Find the information of latitude and longitude for neighborhood in Jakarta

In [19]:
jakarta_df['Latitude'] = jakarta_df['Neighborhood'].apply(get_latitude_jakarta)
jakarta_df['Longitude'] = jakarta_df['Neighborhood'].apply(get_longitude_jakarta)
jakarta_df.head()

Unnamed: 0,Neighborhood,Town,Latitude,Longitude
0,Cempaka Putih,Central Jakarta,-6.181214,106.868548
1,Gambir,Central Jakarta,-6.176684,106.830653
2,Johar Baru,Central Jakarta,-6.183125,106.855332
3,Kemayoran,Central Jakarta,-6.162546,106.85689
4,Menteng,Central Jakarta,-6.195026,106.832224


Find the information of latitude and longitude for neighborhood in Surabaya

In [20]:
surabaya_df['Latitude'] = surabaya_df['Neighborhood'].apply(get_latitude_surabaya)
surabaya_df['Longitude'] = surabaya_df['Neighborhood'].apply(get_longitude_surabaya)
surabaya_df.head()

Unnamed: 0,Neighborhood,Town,Latitude,Longitude
0,Asemrowo,Surabaya,-7.24174,112.688802
1,Benowo,Surabaya,-7.229055,112.649775
2,Bubutan,Surabaya,-7.252671,112.730062
3,Bulak,Surabaya,-7.228354,112.787631
4,Dukuh Pakis,Surabaya,-7.293024,112.695125


#### Saving dataframe as csv for further use

In [21]:
jakarta_df.to_csv('data/jakarta_neighborhood.csv')
surabaya_df.to_csv('data/surabaya_neighborhood.csv')

## 4.2 Map Visualize

Visualizing map using Folium API with OpenStreetMap view with information of neighborhood from both dataframes

### Jakarta Neighborhood Map View

get coordinates for Jakarta

In [22]:
address = 'Jakarta'

location = geolocator.geocode(address)
jakarta_latitude = location.latitude
jakarta_longitude = location.longitude
print(f'Coordinates of Jakarta are {jakarta_latitude}, {jakarta_longitude}')
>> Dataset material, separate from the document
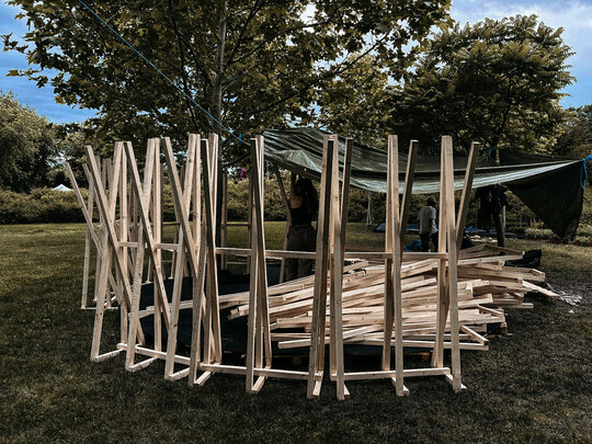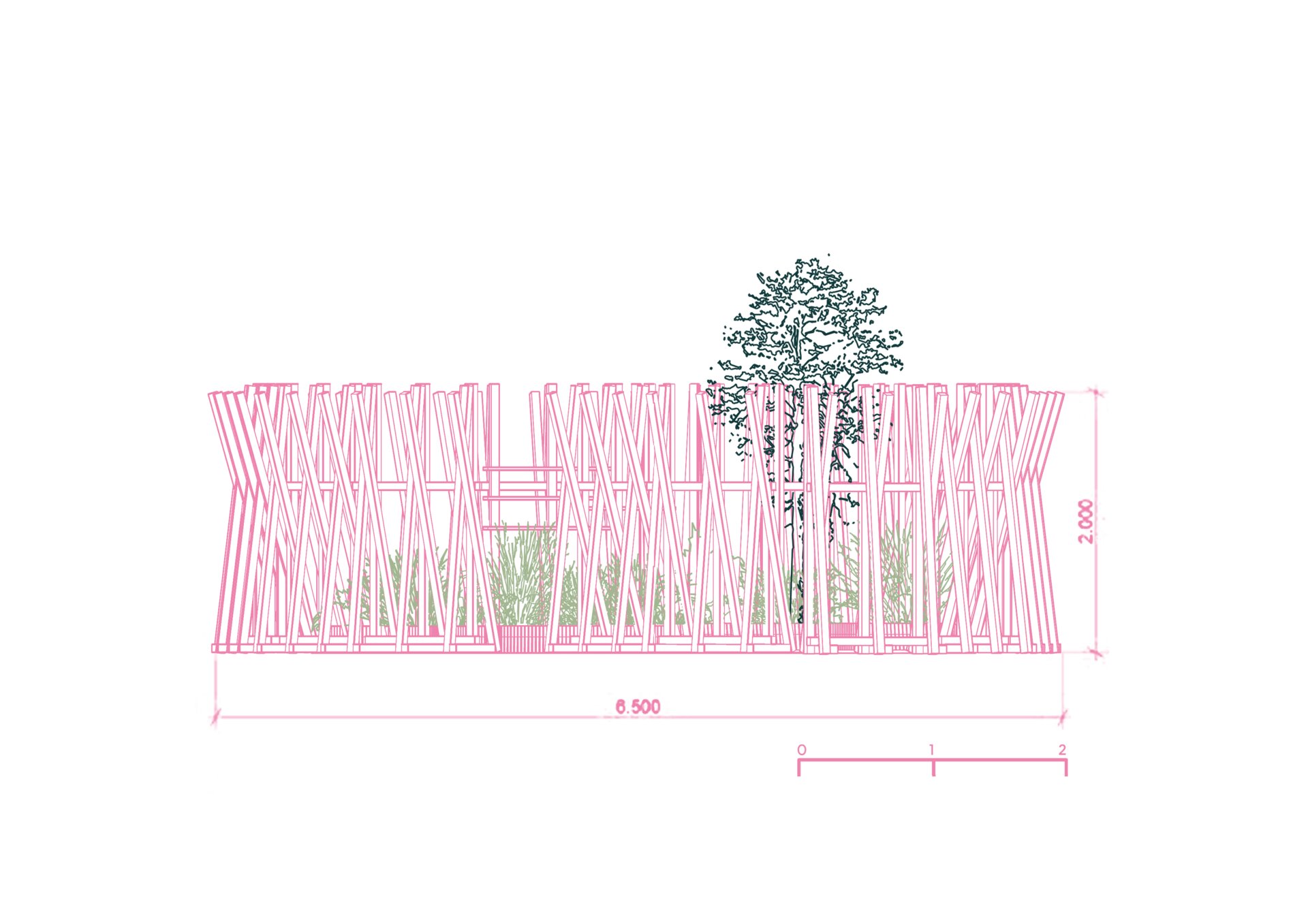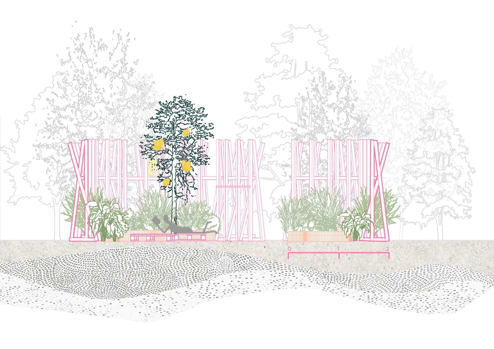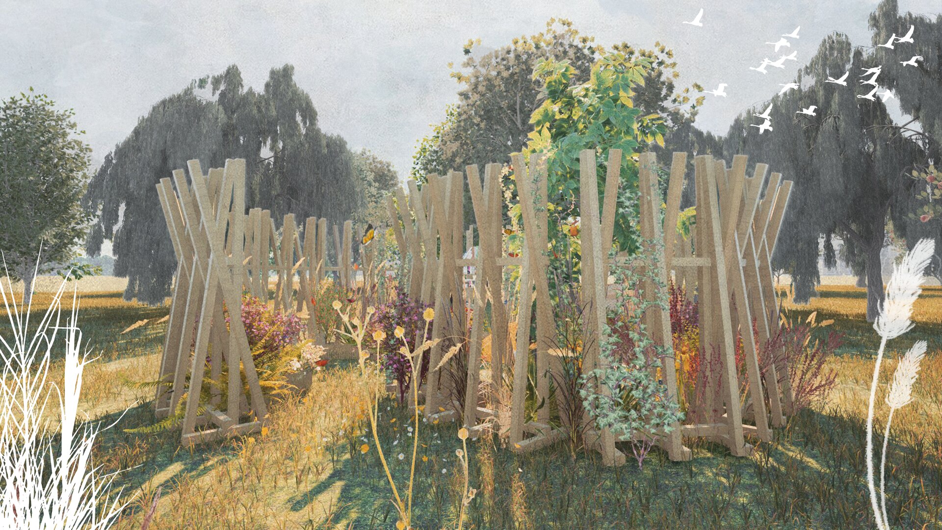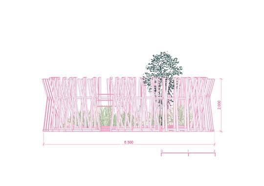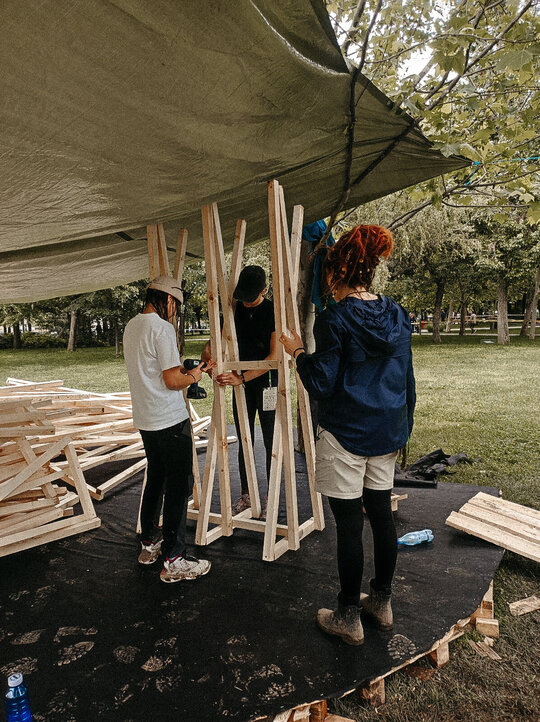 “Timpul nu trece ... ci doar se rotește în cercuri care se închid peste oameni.” Grădina noastră literară, bazată pe romanul “Un veac de singurătate” de Gabriel García Márquez, evocă atmosfera uneia dintre principalele locații ale poveștii: curtea interioară a casei familiale. Instalația urmează o formă de spirală, simbolizând căile sinuoase către interior – calea autocunoașterii. Greșelile repetate ale familiei Buendía evocă ciclicitatea timpului, unde singurătatea nu este doar izolare, ci un spațiu interior ce invită la reflecție. Instalația este un element spectaculos privit de la distanță, dar de aproape lasă loc misterului și stârnește curiozitate. Instalația oferă atât umbră, cât și jocuri de lumină datorită formei sale și structurii din lemn.
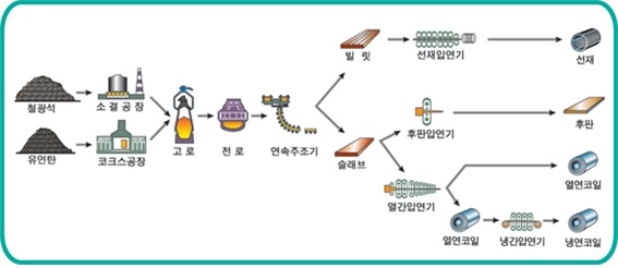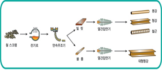 8. 철강제품을 생산하는 방법은? 강재의 생산방법은 크게 일관제철공정과 전기로공정으로 나눌 수 있다. 일관제철공정은 철광석과 원료탄 (원료탄 : 원료로 사용되는 석탄이라는 의미이나, 사용량이 압도적으로 많은 코크스용 원료로서의 석탄(유연탄)을 말하는 경우가 많음)을 주원료로 고로에 투입하여 용선 (용선 : 용융상태의 금속, 특히 선철을 말함) 을 생산하는 제선 (제선 : 철광석을 녹여 선철을 만드는 것) 공정, 불순물을 제거하는 제강 (제강 : 철로부터 불순물을 제거하고 성분을 조정하여 강을 만드는 공정) 공정, 연속주조방식에 따라 슬래브, 빌릿 등 반제품을 생산하는 압연 (압연 : 회전하는 압연기의 롤 사이에 가열한 쇠붙이를 넣어 막대기 모양이나 판 모양으로 만드는 공정) 공정으로 나뉜다. 일관제철공정에서는 용선의 대량공급이 가능한 고로공정이 꼭 필요하기 때문에 초기 설비투자에 많은 비용이 들어가며 전기로에 비해 생산 탄력성이 낮다. 그러나 원료의 높은 청정도와 고탈탄 능력으로 인하여 표면특성과 가공성이 중시되는 판재류 (판재류 : 슬래브를 재가열 및 압연하여 plate 형태로 만든 철판) 생산에 유리하다. <일관제철 공정> ![]() 전기로공정은 유연탄과 철광석 대신 철스크랩 (철스크랩 : 쇠부스러기나 파쇠, 고철을 뜻함)을 원료로 쇳물 대신 전기를 사용해 철강제품을 생산하는 방식이다. 전기로의 종류는 전극에 전류를 통과시킴으로써 고철 사이에서 발생하는 아크열로 산화정련하는 아크로와, 도가니 주위에 감은 코일에 전류를 통과시킴으로써 유도전류에 의한 저항열을 이용하는 유도로가 있다. 전기로에서 용융된 철스크랩은 불순물을 제거하는 정련공정을 거친 후 빌릿, 블룸 등 반제품 소재와 형강, 철근, 선재, 열연강판 등 기초 철강소재를 생산한다. 전기로공정에서는 정련과정을 통해 철스크랩에 포함된 Cu, Sn과 같은 잔류원소의 완전한 제거가 불가능하여 합금강이나 강도중심의 형강, 철근 등 조강류 (조강류 : 형강, 봉강, 철근, 선재 궤조 등을 말함)를 주로 생산한다. <전기로 공정> ![]() ※ 해당 자료에 대한 조언이나 문의는 기술환경실 신승준 계장(02-559-3576, seungjun.shin@ekosa.or.kr)에게 연락바랍니다. |

Coordinates of Jakarta are -6.1753942, 106.827183


### Folium OpenStreetMap of Jakarta Neighborhood

In [23]:
jakarta_map = folium.Map(location=[jakarta_latitude, jakarta_longitude], zoom_start=11)
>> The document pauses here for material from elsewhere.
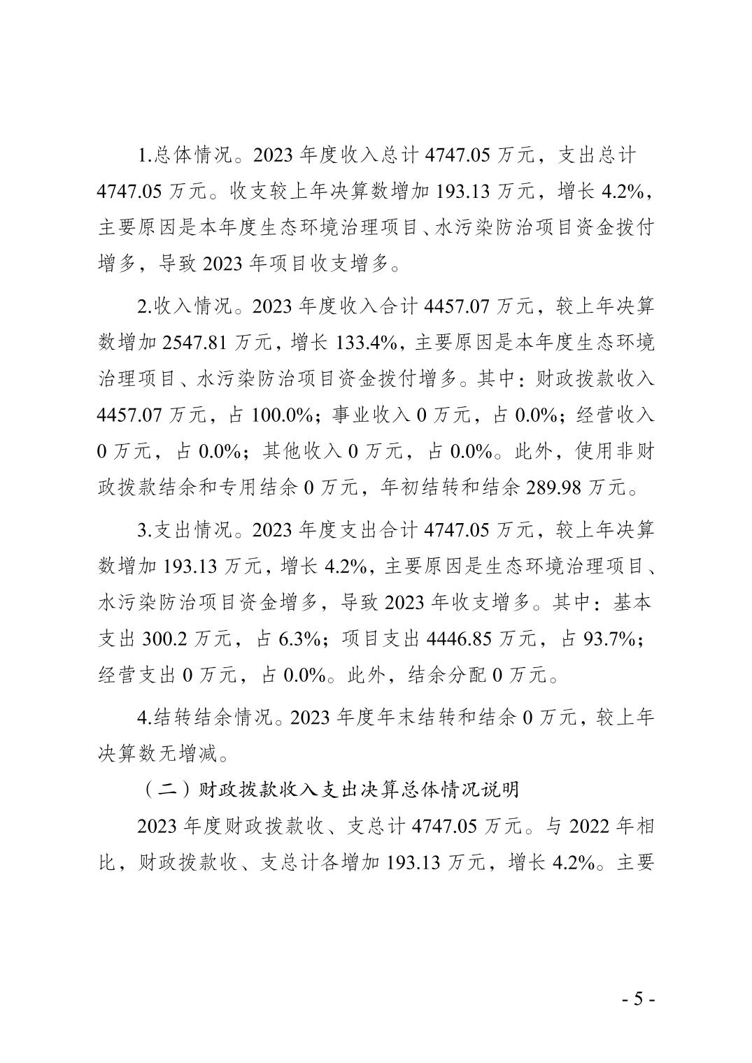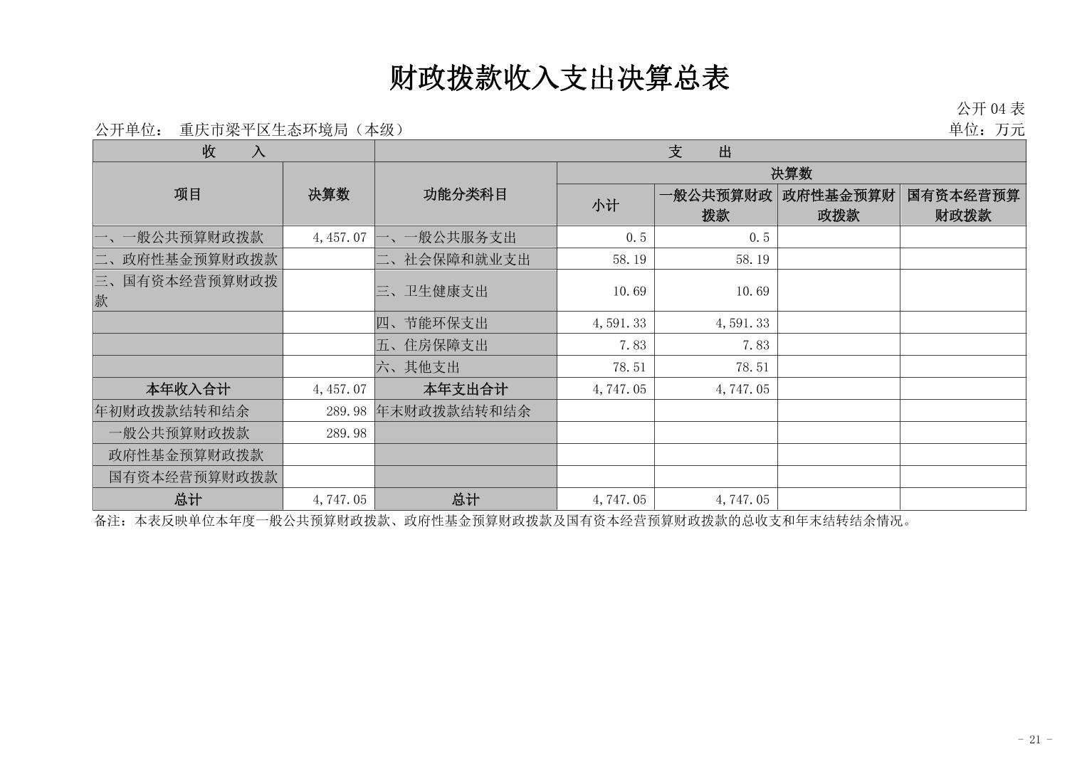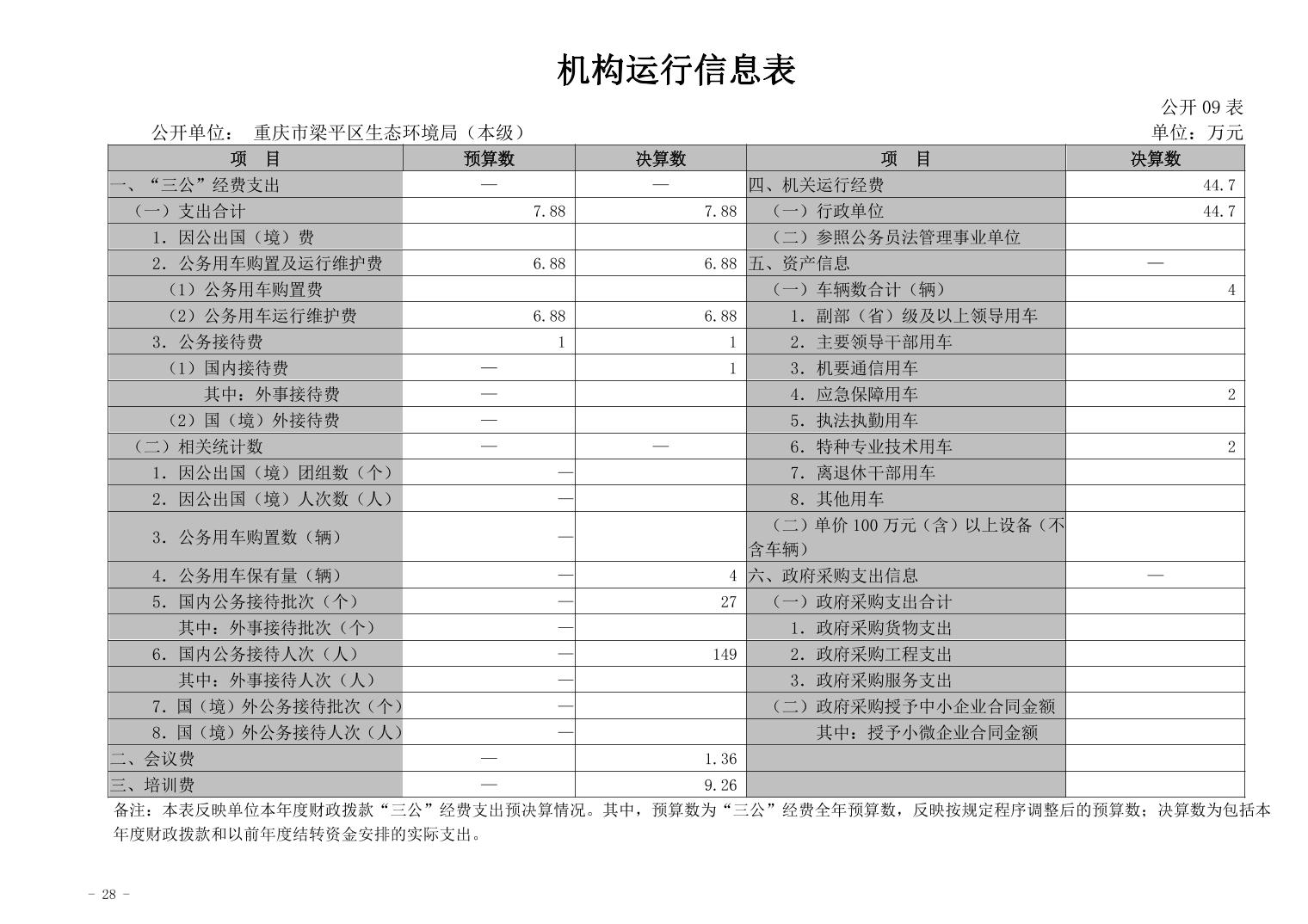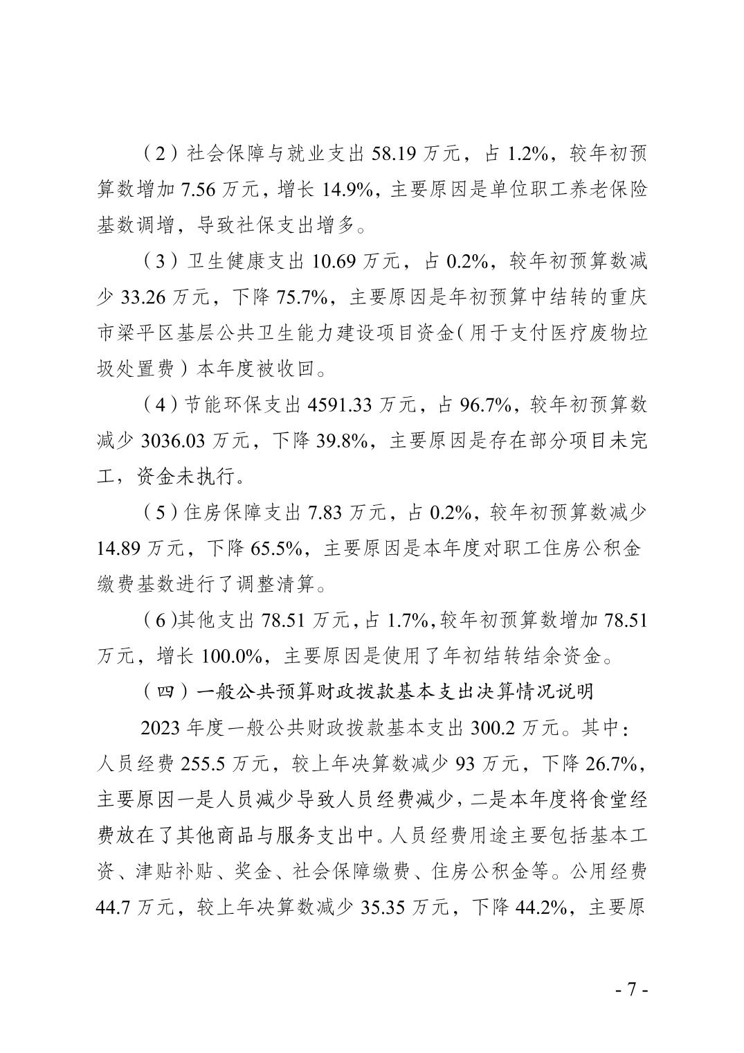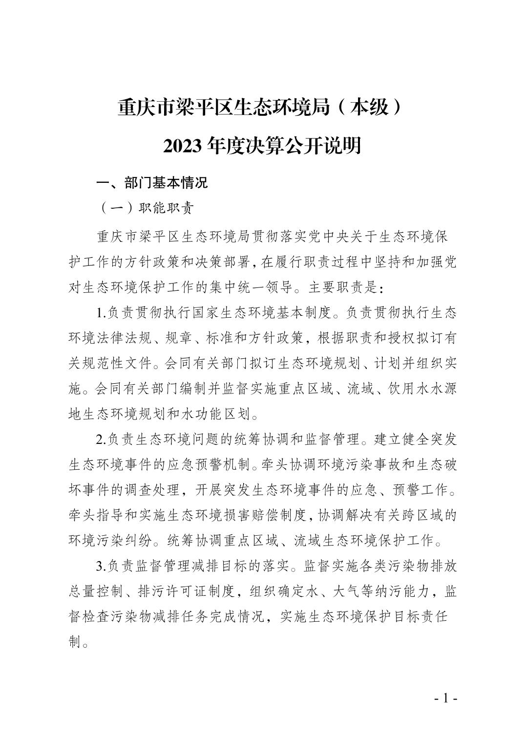 標題 重慶市梁平區生態環境局(本級)2023年度決算公開說明

for latitude, longitude, borough, neighborhood in zip(jakarta_df['Latitude'], jakarta_df['Longitude'], jakarta_df['Town'], jakarta_df['Neighborhood']):
    label = '{}, {}'.format(neighborhood, borough)
    label = folium.Popup(label, parse_html=True)
    folium.CircleMarker(
        [latitude, longitude],
        radius=5,
        popup=label,
        color='red',
        fill=True
        ).add_to(jakarta_map)
    
jakarta_map

### Surabaya Neighborhood Map View

get coordinates for Surabaya

In [24]:
address = 'Surabaya'

location = geolocator.geocode(address)
surabaya_latitude = location.latitude
surabaya_longitude = location.longitude
print(f'Coordinates of Surabaya are {surabaya_latitude}, {surabaya_longitude}')

Coordinates of Surabaya are -7.2459717, 112.7378266


### Folium OpenStreetMap of Jakarta Neighborhood

In [25]:
surabaya_map = folium.Map(location=[surabaya_latitude, surabaya_longitude], zoom_start=11)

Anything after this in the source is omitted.